The digital destruction of democracy? Network Propaganda: Manipulation, Disinformation, and Radicalization

     

This model shows one instance of asymmetric polarization drawn from the top 100 most-cited media sources. The blue represents left-leaning media outlets, green show centrist media outlets, and red are right-leaning outlets. (Credit: Harvard Gazette.)

What role do the interplay of new and old media play in getting authoritarian demagogues elected? How do new media platforms supercharge the spread of conspiracy theories and false ideas? Is there something different about the way Facebook and Twitter spread hate and lies? How can we stop them from doing so? asks Anya Schiffrin, an adjunct faculty member at the School of International and Public Affairs at Columbia University.

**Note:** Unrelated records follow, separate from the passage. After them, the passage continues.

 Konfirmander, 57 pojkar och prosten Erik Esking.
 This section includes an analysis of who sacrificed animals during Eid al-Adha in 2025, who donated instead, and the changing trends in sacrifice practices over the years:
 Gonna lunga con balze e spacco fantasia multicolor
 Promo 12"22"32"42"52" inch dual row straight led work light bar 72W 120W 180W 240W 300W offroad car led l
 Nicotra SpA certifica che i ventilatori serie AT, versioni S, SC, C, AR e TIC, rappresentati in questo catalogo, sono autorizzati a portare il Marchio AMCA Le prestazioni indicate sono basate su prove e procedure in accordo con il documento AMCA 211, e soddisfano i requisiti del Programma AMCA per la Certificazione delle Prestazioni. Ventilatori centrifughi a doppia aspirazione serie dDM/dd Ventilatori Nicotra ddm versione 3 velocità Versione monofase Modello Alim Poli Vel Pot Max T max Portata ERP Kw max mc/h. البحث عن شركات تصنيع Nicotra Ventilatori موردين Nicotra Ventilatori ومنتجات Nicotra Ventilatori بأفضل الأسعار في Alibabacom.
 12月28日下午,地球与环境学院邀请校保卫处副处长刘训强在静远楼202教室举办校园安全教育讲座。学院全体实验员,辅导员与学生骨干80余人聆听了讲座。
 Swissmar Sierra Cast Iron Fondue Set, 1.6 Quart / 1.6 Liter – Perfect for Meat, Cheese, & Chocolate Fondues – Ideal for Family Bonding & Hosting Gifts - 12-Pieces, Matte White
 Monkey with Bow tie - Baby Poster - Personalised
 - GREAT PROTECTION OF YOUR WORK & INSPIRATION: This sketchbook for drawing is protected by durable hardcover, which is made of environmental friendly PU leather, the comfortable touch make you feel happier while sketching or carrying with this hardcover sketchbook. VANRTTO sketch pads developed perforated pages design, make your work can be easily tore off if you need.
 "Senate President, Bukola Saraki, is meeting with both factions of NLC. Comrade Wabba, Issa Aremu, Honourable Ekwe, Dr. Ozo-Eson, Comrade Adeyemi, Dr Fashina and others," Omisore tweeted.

In Network Propaganda: Manipulation, Disinformation, and Radicalization, Yochai Benkler and his co-authors Robert Faris and Hal Roberts have produced an authoritative tome that includes multiple taxonomies and literature reviews as well as visualizations of the flow of disinformation, she writes for The American Prospect:

They begin by sorting out the different types of disinformation and the groups that circulate it. These include “clickbait fabricators” with mainly financial motives for circulating false or misleading content; Russian hackers who spread propaganda via Facebook; Cambridge Analytica, which used data from Facebook profiles to micro-target voters with political advertising; and “white supremacist and alt-right trolls” who harnessed the power of the increasingly powerful “right-wing media ecosystem.” RTWT

But the larger message from Network Propaganda‘s analyses is that we’re fooling ourselves if we blame our current culture’s vulnerability to disinformation on the internet in general or on social media (or search engines, or smartphones) or even on Russian propaganda campaigns, notes Mike Godwin (@sfmnemonic),  a distinguished senior fellow at the R Street Institute.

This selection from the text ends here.